シネマ先生とトックの映画漫談スピンオフ。

先生は出てこない。トックの大学の先輩・九条 宵(ヨイ)と、トックの2人が、「やる気のない映画サークル」の部室で、ホラー映画をゆるーくだべる場所。

今日はこの3本。

「クリスティーン」
「地獄のデビル・トラック」
「ラバー」

先輩と後輩だから、かしこまらない。本音と感覚で語る。
知識は後からついてくる。
どうぞ、部室を覗いていってください。


キャラクター紹介


世界で一番慎重な車って言ったんすか

(梅雨の中休み。久しぶりの晴れ間で、窓の外のまだ濡れた地面が光っている)

(👻 ヨイ、窓辺に立って外を見ている)

🎤 トック:ちっす。

👻 ヨイ:(振り返らずに)……あ。

(🎤 トック、ソファに鞄を置いて、DVDを取り出す)

🎤 トック:ヨイせん、なんで窓辺で立ってんすか。

👻 ヨイ:いや、サークル棟の前の道路、教習所の車が通るのよ、たまに。

🎤 トック:教習車っすか。

👻 ヨイ:あの屋根に三角の標識つけて、ゆっくり右折する車。
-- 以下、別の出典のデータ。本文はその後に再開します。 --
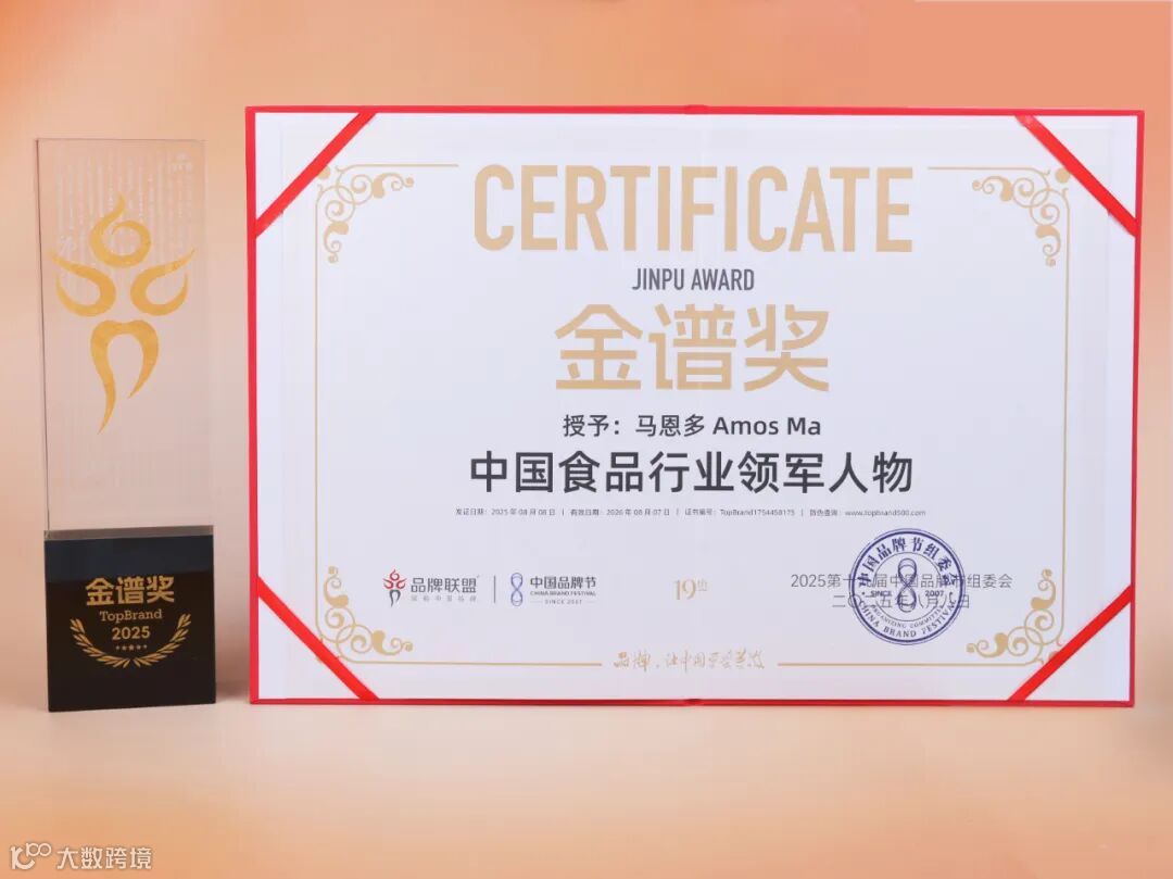 金多多食品集团三大奖项荣耀加冕,全面展现集团品牌力、产品力与全球化视野。金多多食品董事长Amos Ma马恩多先生凭借在糖果行业持续20余年的深耕布局与品牌全球化战略视野,荣获“中国品牌节金谱奖·中国食品行业领军人物”称号。Amos阿麦斯创意糖果品牌获“2025中国品牌节金谱奖·中国糖果行业领军品牌”、“TopBrand2025中国出海品牌100强”两项重磅大奖。以创新+研发驱动品牌发展,以快乐与健康惠及全球,马恩多身体力行将“做世界的甜蜜使者”融入企业精魂,为中国品牌的崛起与发展谋势蓄力。

可愛くて。

🎤 トック:……あれ可愛いっすか。

👻 ヨイ:可愛いくない?世界で一番慎重な車。

🎤 トック:褒め方、動物園のカピバラなんすよ。

👻 ヨイ:右折だけで3秒くらい悩むから。

🎤 トック:感受性が教習所に向きすぎてる。

👻 ヨイ:教習車、見たことある?あれね、ハンドルがブレてるの。運転してる人の緊張が、屋根のあの三角まで伝わってる。可愛い。

🎤 トック:……ヨイせん。

👻 ヨイ:ん。

🎤 トック:俺、教習所行ってるんすけど。

👻 ヨイ:(振り向く)え。

🎤 トック:先月から。

👻 ヨイ:先言いなよ。

🎤 トック:今、言いました。

👻 ヨイ:(笑う)どこまで行ったの。

🎤 トック:仮免、まだ取れてないっす。

👻 ヨイ:マジで。

🎤 トック:教官が怖くて。「はい左、はい右、はいミラー、はい巻き込み確認」ってずっと言われ続けてミスりました。しかも教習車って、こっちが焦るほど静かになるじゃないすか。

👻 ヨイ:あー。

🎤 トック:「今の、何がダメだったか分かる?」の時間。

👻 ヨイ:世界で一番怖い問い。

🎤 トック:「全部です……」しか出てこない。あと、教官がメモ取る時、終わった感あるじゃないすか。

👻 ヨイ:(笑う)

🎤 トック:「書かれてる……俺の罪が……」ってなる。

👻 ヨイ:(窓辺から離れて、ソファに座る)可哀想に。

🎤 トック:笑いながら可哀想っていうのやめてもらっていいでしょうか。

👻 ヨイ:いや、トックが教習所で叱られてる絵、想像したら、ちょっとよかったから。

🎤 トック:……。

👻 ヨイ:(笑う)ごめん。で、それで、今日この3本?

(🎤 トック、ローテーブルにDVDを3枚並べる)

🎤 トック:そうなんすよ。教習所行き始めてから、なんか車のこと考える時間が増えて、で、車のホラー、ちゃんと観たことなかったなって。

👻 ヨイ:見せて。

🎤 トック:1本目、『クリスティーン』。

👻 ヨイ:ジョン・カーペンター。

🎤 トック:2本目、『地獄のデビル・トラック』。

👻 ヨイ:(少し笑う)

🎤 トック:3本目、『ラバー』。

👻 ヨイ:(黙る)

🎤 トック:……なんすか、その黙り方。

👻 ヨイ:いや、この3本、車のホラーで括ったの、いいセンスだなって。車、トラック、タイヤ。まとまってるよね。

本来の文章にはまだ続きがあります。